Contemporary figuration and realism paintings fill the three exhibition halls, where the gallery usually displays work from its resident artists, according to the gallery’s website. On the bottom floor of the large exhibition hall, Leticia Feduchi combines her skill for oil painting with scribbled sketching and pencil shading techniques that make her routinely painted pomegranate seeds appear to be rolling off of the canvas.
Feduchi’s paintings push small, everyday objects such as fruits or fabrics into the spotlight, isolating them in an intense atmosphere that highlights their pure, yet intriguing aspects. Through the exploration of tones, texture and lighting, Feduchi evokes newfound feelings toward mundane items.

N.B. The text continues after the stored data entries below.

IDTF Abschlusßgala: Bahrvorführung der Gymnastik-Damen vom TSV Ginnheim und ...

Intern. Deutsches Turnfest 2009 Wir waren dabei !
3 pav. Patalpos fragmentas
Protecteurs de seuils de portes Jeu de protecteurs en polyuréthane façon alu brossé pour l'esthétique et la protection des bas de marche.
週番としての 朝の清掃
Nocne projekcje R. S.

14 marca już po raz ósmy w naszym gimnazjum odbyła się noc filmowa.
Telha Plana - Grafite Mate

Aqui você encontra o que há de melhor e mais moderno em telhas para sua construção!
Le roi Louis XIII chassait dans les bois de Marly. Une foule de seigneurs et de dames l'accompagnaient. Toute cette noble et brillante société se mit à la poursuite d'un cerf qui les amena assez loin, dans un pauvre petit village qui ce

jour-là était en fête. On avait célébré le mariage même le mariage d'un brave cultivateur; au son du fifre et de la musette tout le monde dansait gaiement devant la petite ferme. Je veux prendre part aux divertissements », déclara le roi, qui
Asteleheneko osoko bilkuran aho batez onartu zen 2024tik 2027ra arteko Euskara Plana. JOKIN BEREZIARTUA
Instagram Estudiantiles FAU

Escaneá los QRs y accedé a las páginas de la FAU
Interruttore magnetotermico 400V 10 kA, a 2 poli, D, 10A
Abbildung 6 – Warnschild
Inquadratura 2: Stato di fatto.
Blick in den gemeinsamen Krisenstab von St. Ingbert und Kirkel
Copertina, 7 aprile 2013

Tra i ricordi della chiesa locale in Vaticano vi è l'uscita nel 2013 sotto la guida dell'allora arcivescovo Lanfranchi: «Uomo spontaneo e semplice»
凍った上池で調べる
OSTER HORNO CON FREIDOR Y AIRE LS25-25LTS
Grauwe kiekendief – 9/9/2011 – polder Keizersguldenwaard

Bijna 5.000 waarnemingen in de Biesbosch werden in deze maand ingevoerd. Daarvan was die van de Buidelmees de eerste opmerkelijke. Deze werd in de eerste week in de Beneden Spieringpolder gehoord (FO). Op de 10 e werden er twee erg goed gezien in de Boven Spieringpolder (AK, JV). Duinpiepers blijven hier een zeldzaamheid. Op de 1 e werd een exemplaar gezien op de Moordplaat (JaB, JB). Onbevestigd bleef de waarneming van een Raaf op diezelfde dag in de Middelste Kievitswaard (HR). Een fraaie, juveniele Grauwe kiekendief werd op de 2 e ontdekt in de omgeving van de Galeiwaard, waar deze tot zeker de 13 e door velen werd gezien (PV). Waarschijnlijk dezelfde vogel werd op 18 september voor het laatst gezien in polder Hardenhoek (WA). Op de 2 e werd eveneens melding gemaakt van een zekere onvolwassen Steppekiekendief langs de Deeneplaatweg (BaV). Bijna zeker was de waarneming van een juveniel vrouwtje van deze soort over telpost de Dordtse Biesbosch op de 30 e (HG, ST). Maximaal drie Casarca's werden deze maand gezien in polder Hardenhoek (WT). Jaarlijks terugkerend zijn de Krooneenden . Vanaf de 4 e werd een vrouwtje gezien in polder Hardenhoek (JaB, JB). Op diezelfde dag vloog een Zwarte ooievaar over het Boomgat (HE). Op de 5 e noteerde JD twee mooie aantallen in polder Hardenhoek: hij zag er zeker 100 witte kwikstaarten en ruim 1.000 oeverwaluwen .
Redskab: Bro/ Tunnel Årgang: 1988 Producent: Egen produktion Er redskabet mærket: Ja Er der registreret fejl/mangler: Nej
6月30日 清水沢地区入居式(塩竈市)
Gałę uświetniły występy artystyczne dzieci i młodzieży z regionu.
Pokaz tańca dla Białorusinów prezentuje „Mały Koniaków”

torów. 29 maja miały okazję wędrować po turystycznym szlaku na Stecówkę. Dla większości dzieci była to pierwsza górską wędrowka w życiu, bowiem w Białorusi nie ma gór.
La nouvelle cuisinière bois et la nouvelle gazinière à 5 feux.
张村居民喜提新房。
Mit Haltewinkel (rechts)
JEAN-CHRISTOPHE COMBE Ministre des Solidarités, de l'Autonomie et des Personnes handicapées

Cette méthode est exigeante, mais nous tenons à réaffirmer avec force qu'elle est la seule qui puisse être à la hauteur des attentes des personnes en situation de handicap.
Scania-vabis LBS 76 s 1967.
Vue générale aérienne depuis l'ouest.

For example, in one piece that depicts a simple blue cloth draped over what seems to be a couch, Feduchi brings intense dimension to the creased and crinkled fabric. The pencil sketched outline of the couch swiftly departs from the realistic, asymmetrical oil painting that commands the center of the canvas. The painting creates a calming and comforting sensation that relaxes the viewer’s mind.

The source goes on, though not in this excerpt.